Janice Richardson, experte du Conseil de l'Europe

Picture of Janice RichardsonDepuis 2002, Janice est experte auprès du Conseil de l'Europe sur divers sujets, notamment la citoyenneté numérique et la protection de l'enfance, et elle est co-auteure d'une demi-douzaine de publications du Conseil de l'Europe. Elle siège au Safety Advisory Board et au Youth Advisory Board de Facebook, au Trust and Security Council de Twitter et au comité directeur de Power of Zero sur l'éducation de la petite enfance. Elle est également créatrice de contenu et experte en éducation dans le cadre du programme SmartBus de Huawei. Depuis 2017, elle travaille avec des jeunes et des enseignants-mentors de 10 pays de l'UE (le Conseil européen pour le bien numérique) pour créer des jeux et des publications sur la citoyenneté numérique pour les enfants, un domaine de travail particulièrement important pour soutenir les enseignants et les parents pendant le confinement dû au coronavirus.

Article de Janice Richardson

La récente pandémie de coronavirus a profondément perturbé les systèmes éducatifs du monde entier, mettant en lumière les lacunes importantes qui ont fragilisé le droit à l'éducation d'un enfant sur trois dans le monde.
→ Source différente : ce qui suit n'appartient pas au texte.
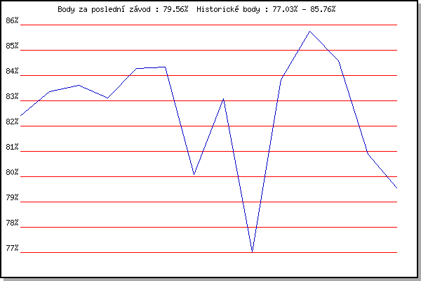 ZávodBodyVýkonnostZměna| 1.12.2007 | Jehnice | 82.42% | 82.41% | | | 26.12.2007 | Syrovice | 83.36% | 83.07% | +0.66% | | 16.2.2008 | Rajecko | 83.60% | 83.34% | +0.27% | | 1.3.2008 | Modrice | 83.11% | 83.26% | -0.08% | | 6.12.2008 | Jehnice | 84.27% | 83.64% | +0.38% | | 24.1.2009 | Radostice | 84.32% | 83.87% | +0.23% | | 21.2.2009 | Rajecko | 80.08% | 83.49% | -0.38% | | 21.11.2009 | 17.listopadu | 83.08% | 83.39% | -0.10% | | 5.12.2009 | Okrouhla | 77.03% | 82.66% | -0.73% | | 11.3.2012 | Myslivna | 83.82% | 82.99% | +0.33% | | 15.3.2014 | Myslivna | 85.76% | 83.76% | +0.77% | | 9.1.2016 | Kurim | 84.59% | 83.98% | +0.22% | | 17.11.2018 | Jehnice | 80.89% | 83.34% | -0.64% | | 9.3.2019 | Modrice | 79.56% | 82.73% | -0.61% | | | | |

Ni les enseignants ni les familles n'étaient préparés à se lancer dans une situation d'apprentissage et de travail à distance. Un équipement numérique adéquat, un accès insuffisant au haut débit et des enseignants mal formés faisaient partie d'un ensemble plus large de problèmes qui avaient un impact sur le droit des enfants à une éducation équitable et inclusive. L'UNESCO[1] estime que la scolarité a été perturbée pour environ 70 % des enfants dans le monde, et qu'environ 40 % ont été touchés par le manque d'exercice physique et d'accès à la nutrition.
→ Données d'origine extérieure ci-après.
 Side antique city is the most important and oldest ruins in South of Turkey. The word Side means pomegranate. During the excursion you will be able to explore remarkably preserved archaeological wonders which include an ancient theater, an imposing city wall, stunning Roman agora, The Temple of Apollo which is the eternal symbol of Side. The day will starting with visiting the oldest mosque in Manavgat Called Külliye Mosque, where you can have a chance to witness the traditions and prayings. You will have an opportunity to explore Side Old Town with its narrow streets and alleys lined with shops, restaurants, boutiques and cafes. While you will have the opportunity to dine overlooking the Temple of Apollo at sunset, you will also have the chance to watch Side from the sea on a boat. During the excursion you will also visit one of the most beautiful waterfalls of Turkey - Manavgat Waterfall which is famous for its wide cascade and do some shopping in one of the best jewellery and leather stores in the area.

Une enquête de la Commission européenne datant de 2019[2] avait déjà souligné le manque total de préparation des écoles à intégrer la technologie numérique dans le cursus éducatif, sans parler du passage d'un enseignement en classe à un enseignement à distance du jour au lendemain. Les données de l'enquête montrent qu'en moyenne, dans les écoles primaires, 18 élèves partagent un ordinateur, avec une moyenne légèrement meilleure de 7 ou 8 enfants par ordinateur dans le secondaire. Soixante pour cent des élèves reçoivent un enseignement dispensé par des enseignants qui doivent couvrir leurs propres frais pour profiter des possibilités de développement professionnel, et un élève sur deux considère que ses parents ne comprennent pas les risques en ligne qu'ils rencontrent ou la façon dont ils utilisent la technologie numérique. Ces derniers mois, les fermetures d'écoles et les confinements sociaux ont réveillé la société à de nombreux niveaux et, dans de trop nombreux cas, ce sont le bien-être des enfants et la protection de leurs droits qui en ont fait les frais.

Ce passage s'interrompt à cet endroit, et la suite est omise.